All of lore.kernel.org
 help / color / mirror / Atom feed
From: Dmitry Osipenko <digetx@gmail.com>
To: Jon Hunter <jonathanh@nvidia.com>,
	Thierry Reding <thierry.reding@gmail.com>,
	Peter De Schrijver <pdeschrijver@nvidia.com>,
	Prashant Gaikwad <pgaikwad@nvidia.com>,
	"Rafael J. Wysocki" <rjw@rjwysocki.net>,
	Viresh Kumar <viresh.kumar@linaro.org>,
	Rob Herring <robh+dt@kernel.org>,
	Michael Turquette <mturquette@baylibre.com>,
	Stephen Boyd <sboyd@kernel.org>, Peter Geis <pgwipeout@gmail.com>,
	Nicolas Chauvet <kwizart@gmail.com>,
	Marcel Ziswiler <marcel.ziswiler@toradex.com>
Cc: linux-pm@vger.kernel.org, linux-tegra@vger.kernel.org,
	devicetree@vger.kernel.org, linux-clk@vger.kernel.org,
	linux-kernel@vger.kernel.org
Subject: Re: [PATCH v2 17/17] ARM: dts: tegra30: cardhu-a04: Add CPU Operating Performance Points
Date: Fri, 15 Nov 2019 23:35:43 +0300	[thread overview]
Message-ID: <84180062-014d-f06a-b0fb-994fe52f77d7@gmail.com> (raw)
In-Reply-To: <fb196514-bcde-deb0-32fc-35344fa33f66@nvidia.com>

15.11.2019 20:31, Jon Hunter пишет:
> 
> 
> On 15/11/2019 14:55, Dmitry Osipenko wrote:
>> 15.11.2019 15:52, Jon Hunter пишет:
>>>
>>> On 13/11/2019 13:57, Dmitry Osipenko wrote:
>>>> Hello Jon,
>>>>
>>>> 13.11.2019 09:52, Jon Hunter пишет:
>>>>>
>>>>> On 24/10/2019 23:14, Dmitry Osipenko wrote:
>>>>>> Utilize common Tegra30 CPU OPP table.
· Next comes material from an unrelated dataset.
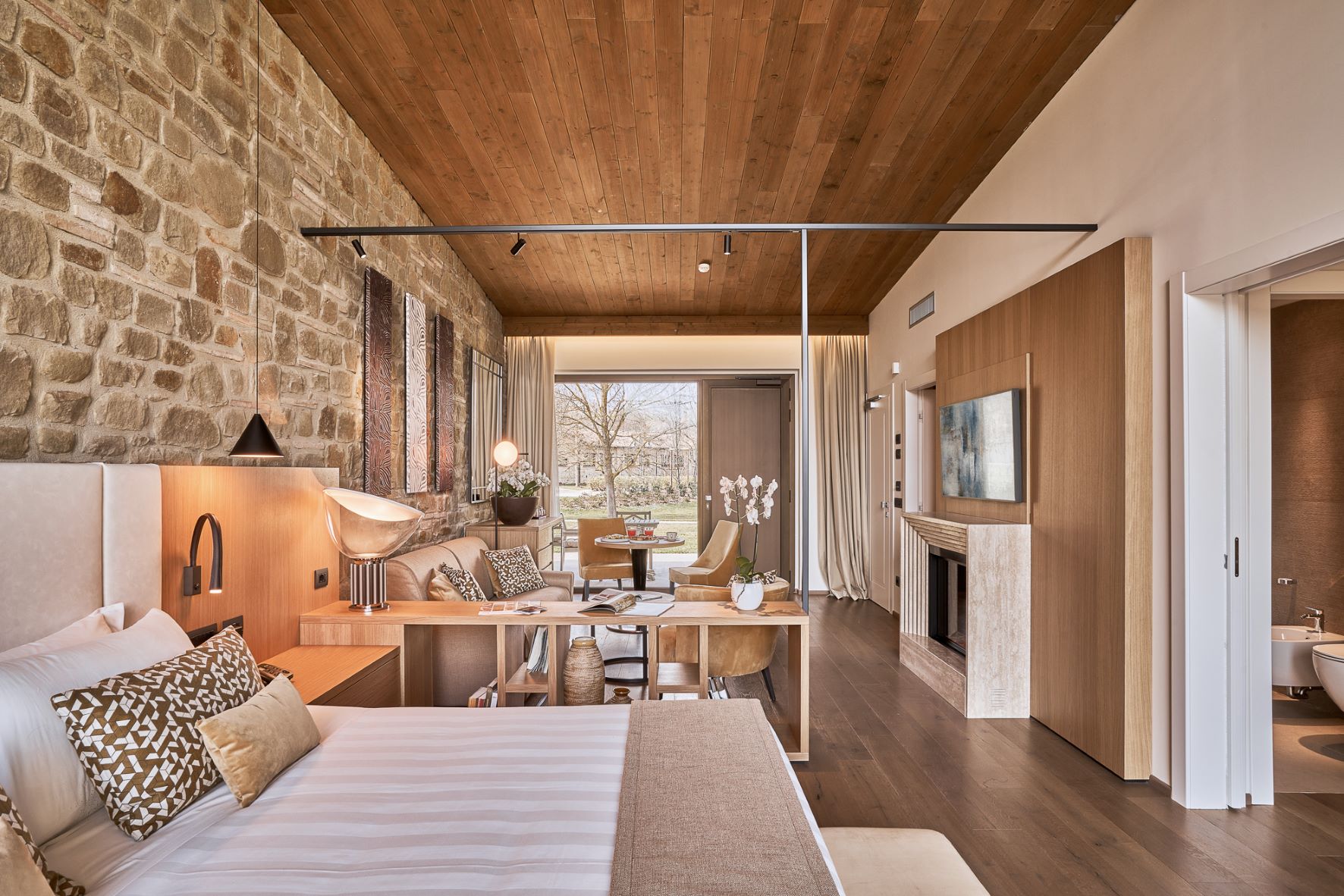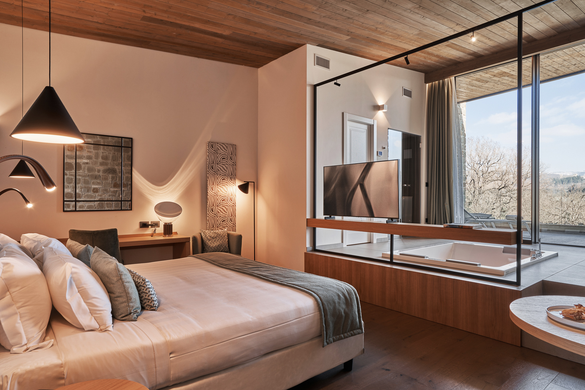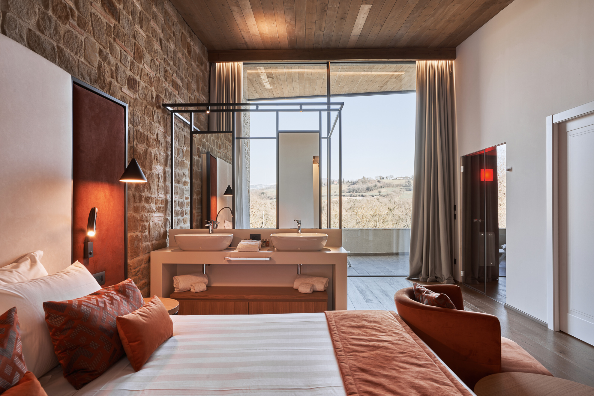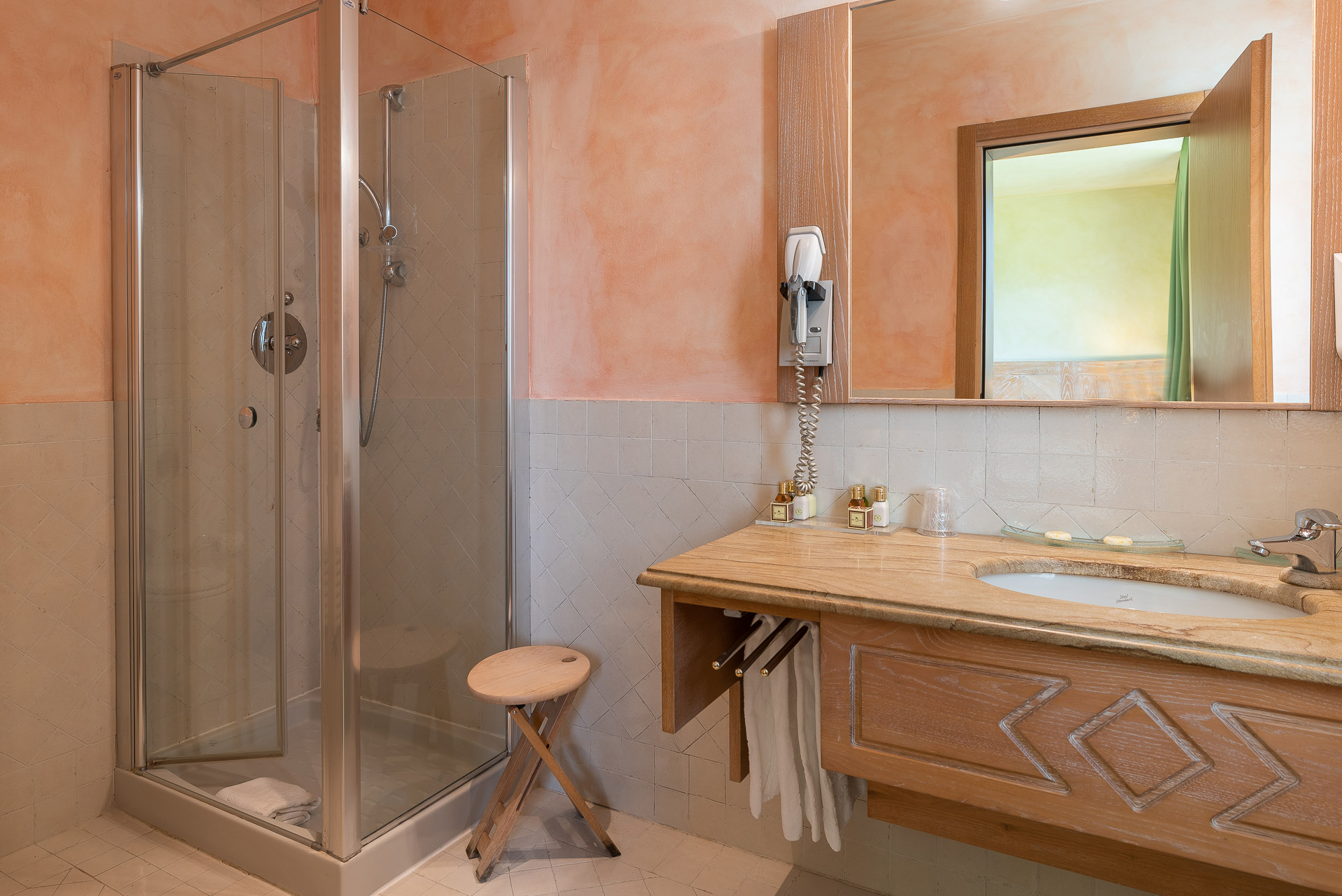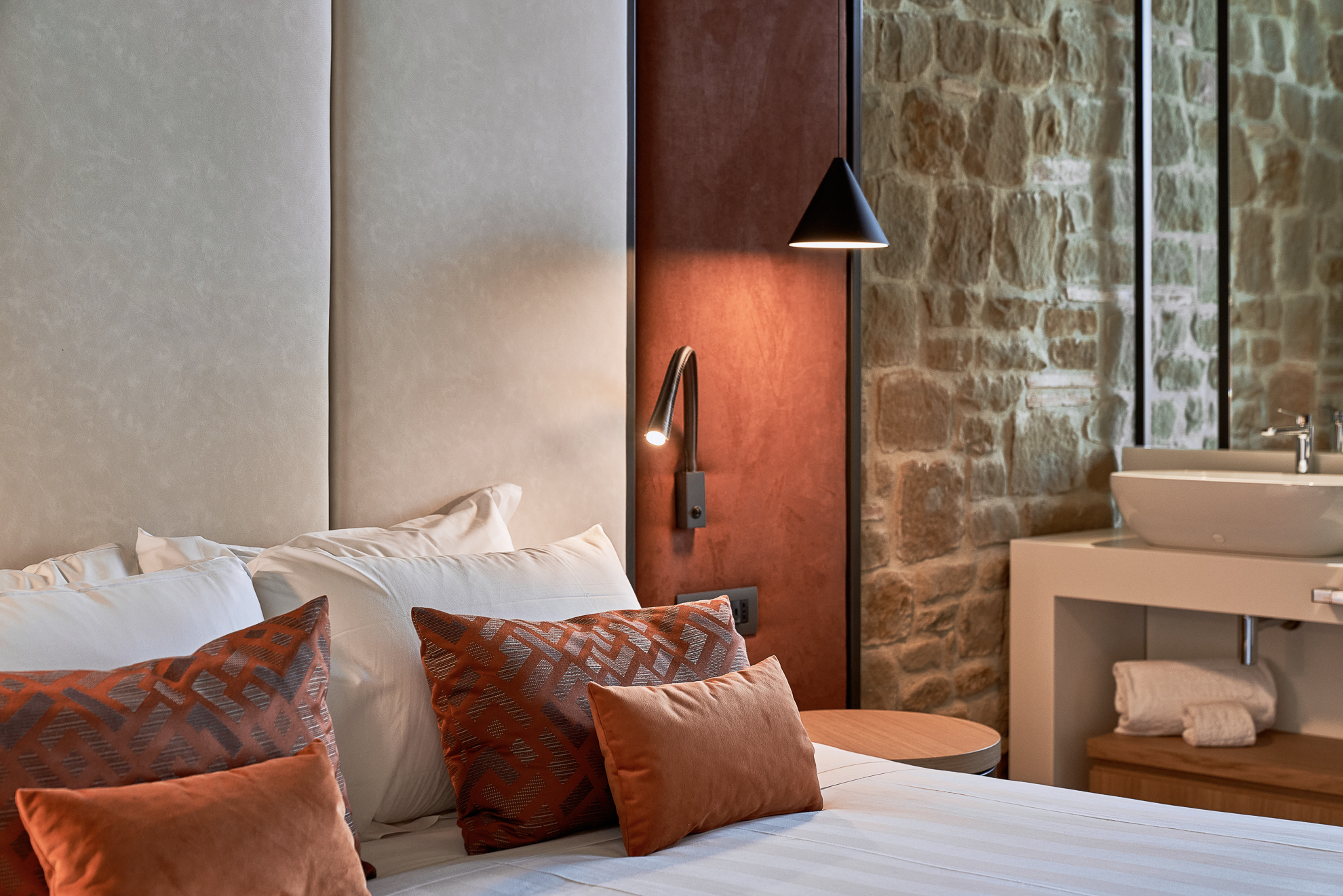 Double or twin bed, terracotta flooring and exposed wooden beams, private bathroom with bathtub or shower, independent heating/air conditioning, safe, Smart TV, and FREE Wi-Fi connection.

CPU DVFS is available now on
>>>>>> cardhu-a04.
>>>>>>
>>>>>> Signed-off-by: Dmitry Osipenko <digetx@gmail.com>
>>>>>> ---
>>>>>>  arch/arm/boot/dts/tegra30-cardhu-a04.dts | 24 ++++++++++++++++++++++++
>>>>>>  1 file changed, 24 insertions(+)
>>>>>>
>>>>>> diff --git a/arch/arm/boot/dts/tegra30-cardhu-a04.dts b/arch/arm/boot/dts/tegra30-cardhu-a04.dts
>>>>>> index 0d71925d4f0b..9234988624ec 100644
>>>>>> --- a/arch/arm/boot/dts/tegra30-cardhu-a04.dts
>>>>>> +++ b/arch/arm/boot/dts/tegra30-cardhu-a04.dts
>>>>>> @@ -2,6 +2,8 @@
>>>>>>  /dts-v1/;
>>>>>>  
>>>>>>  #include "tegra30-cardhu.dtsi"
>>>>>> +#include "tegra30-cpu-opp.dtsi"
>>>>>> +#include "tegra30-cpu-opp-microvolt.dtsi"
>>>>>>  
>>>>>>  /* This dts file support the cardhu A04 and later versions of board */
>>>>>>  
>>>>>> @@ -127,4 +129,26 @@
>>>>>>  			nvidia,tegra-core-regulator;
>>>>>>  		};
>>>>>>  	};
>>>>>> +
>>>>>> +	cpus {
>>>>>> +		cpu0: cpu@0 {
>>>>>> +			cpu-supply = <&vddctrl_reg>;
>>>>>> +			operating-points-v2 = <&cpu0_opp_table>;
>>>>>> +		};
>>>>>> +
>>>>>> +		cpu@1 {
>>>>>> +			cpu-supply = <&vddctrl_reg>;
>>>>>> +			operating-points-v2 = <&cpu0_opp_table>;
>>>>>> +		};
>>>>>> +
>>>>>> +		cpu@2 {
>>>>>> +			cpu-supply = <&vddctrl_reg>;
>>>>>> +			operating-points-v2 = <&cpu0_opp_table>;
>>>>>> +		};
>>>>>> +
>>>>>> +		cpu@3 {
>>>>>> +			cpu-supply = <&vddctrl_reg>;
>>>>>> +			operating-points-v2 = <&cpu0_opp_table>;
>>>>>> +		};
>>>>>> +	};
>>>>>>  };
>>>>>
>>>>> Sorry for not testing this sooner, but this is generating the
>>>>> following WARNING on boot ...
>>>>>
>>>>> [    2.916019] ------------[ cut here ]------------
>>>>> [    2.920669] WARNING: CPU: 2 PID: 1 at /dvs/git/dirty/git-master_l4t-upstream/kernel/drivers/opp/of.c:688 _of_add_opp_table_v2.part.2+0x45c/0x4d4
>>>>> [    2.933713] Modules linked in:
>>>>> [    2.936785] CPU: 2 PID: 1 Comm: swapper/0 Not tainted 5.4.0-rc7-next-20191112-gfc6d6db1df2c #1
>>>>> [    2.945403] Hardware name: NVIDIA Tegra SoC (Flattened Device Tree)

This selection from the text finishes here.